Users can retrieve the elements by using the index to conveniently loop over the elements in their code. They do not have to deal with the internal data structure from which this data was gathered. If something in the implementation changes (for example, the retrieved struct member is renamed), users need not recompile their code.

Other changes to the underlying data structure might turn out to be more difficult. If, for example, the underlying data structure changes from an array (randomly accessible) to a linked list (sequentially accessible), then you’d have to iterate the list each time until you get to the requested index. That would not be efficient at all, and to make sure to also allow such changes in the underlying data structure, it would be better to use a Cursor Iterator or Callback Iterator instead.
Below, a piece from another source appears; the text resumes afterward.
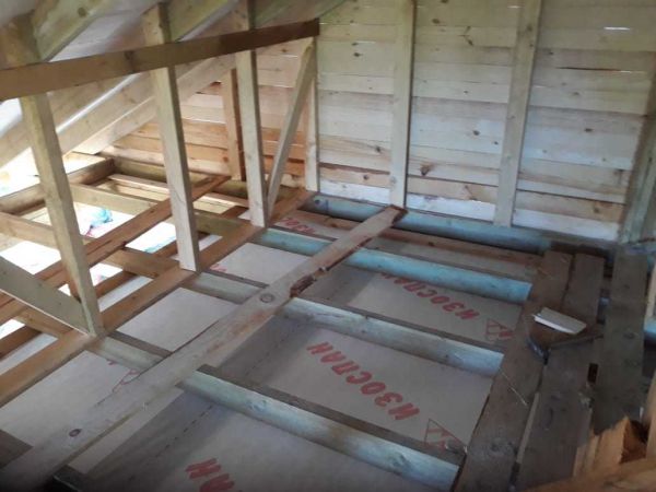 Пол-шпунтованная доска. Между Черновым и чистовым полом- изоспан и утеплитель роквул.

If the user retrieves only basic data types that can be returned as Return Value of a C function, then the user implicitly retrieves a copy of this element. If the corresponding element in the underlying data structure changes in the meantime, then this would not affect the user. But if the user retrieves a more complex data type (like a string), then compared to simply providing direct access to the underlying data structure, you have with Index Access the advantage that you can copy the current data element in a thread-safe way and provide it to the user, for example with a Caller-Owned Buffer. If you are not operating in a multithreaded environment, you could simply return a pointer for complex data types.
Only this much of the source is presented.